Thankfully, Braden Pan was kind enough to share the story behind his oversubscribed $3.3M seed round.
Braden is building Resolve, a platform to fight medical debt. Overwhelmed by your medical bills? Check out Resolve.
Round details
- Company name: Resolve
- Round size: $3,300,000
- Stage: Seed
- Date: July 2022
How long did it take you to raise the round?
Getting to a term sheet took about a month and a half. It took about a week to build the deck, we spent ~4 weeks pitching and iterating on the deck, and then ~2 weeks to finalize the term sheet.
I’ll note that the diligence process also took about 6 weeks.

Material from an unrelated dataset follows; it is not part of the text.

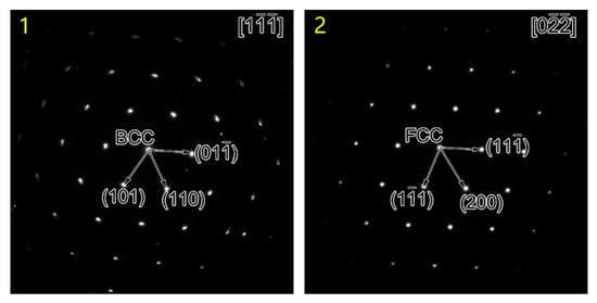 In addition, SAED was performed on the band of finer microstructures (position 1 in Figure 9b) and its adjacent microstructure (position 2 in Figure 9b), and the results are shown in Figure 10. The band of finer microstructures (position 1 in Figure 9b) was BCC and its adjacent microstructure (position 2 in Figure 9b) was FCC, which indicated that the microstructure on the right side of the band of finer microstructures was already WM. There was a clear boundary between the band of finer microstructures and WM, as marked by the blue arrows in Figure 9b. Figure 9c shows a dark-field TEM image corresponding to Figure 9b. Importantly, there were no substructures in the interior of the band of finer microstructures. The band of finer microstructures observed by TEM corresponded to the finer structures along the interface observed by EBSD (marked by the yellow arrows in Figure 6d). According to the experimental results, it could be speculated that the band of finer microstructures with a width of ~200 nm was likely to be quenched martensite newly formed in the PWHT process.

Finally - we recently closed a $1.75M SAFE at a step up - which took less than 2 weeks for us to do (from discussions to money in the door). Part of this was due to the fact that we had already raised a round so had a lot of the information needed and part of it was due to the fact that a SAFE is inherently easier to paper up than a priced round.
How many investors did you talk to?
I had roughly 75 investors that we targeted. I got a warm intro to roughly 25. We made fewer than 10 cold emails - none of which panned out. Everyone else, I leveraged my network to get a warm intro - which had a massively better response rate.
This converted to around 10 “next step” conversations - which ended in 1 term sheet for a lead.
Post getting the lead things became significantly easier. We had 3 follow-on investors. We talked to fewer than 10 investors total for the follow-on and had 5 offers. At the end of the day - taking on all 5 follow-ons would have significantly oversubscribed the round so we declined on 2 of them.
What tools did you use?
Crunchbase - to identify target funds as well as do research on contacts and warm intros to understand fund focus and try to understand fund hypothesis.
LinkedIn to leverage my network and do research.
Docsend for sending the deck and general document management.
Google spreadsheets to track progress.
What was the hardest thing in your fundraising?
- Figuring out how to build a deck that positioned us the right way. Being immersed in the business - I had to continually iterate to make sure that we were high level enough to be clear and focused, while still providing a sufficient amount of detail.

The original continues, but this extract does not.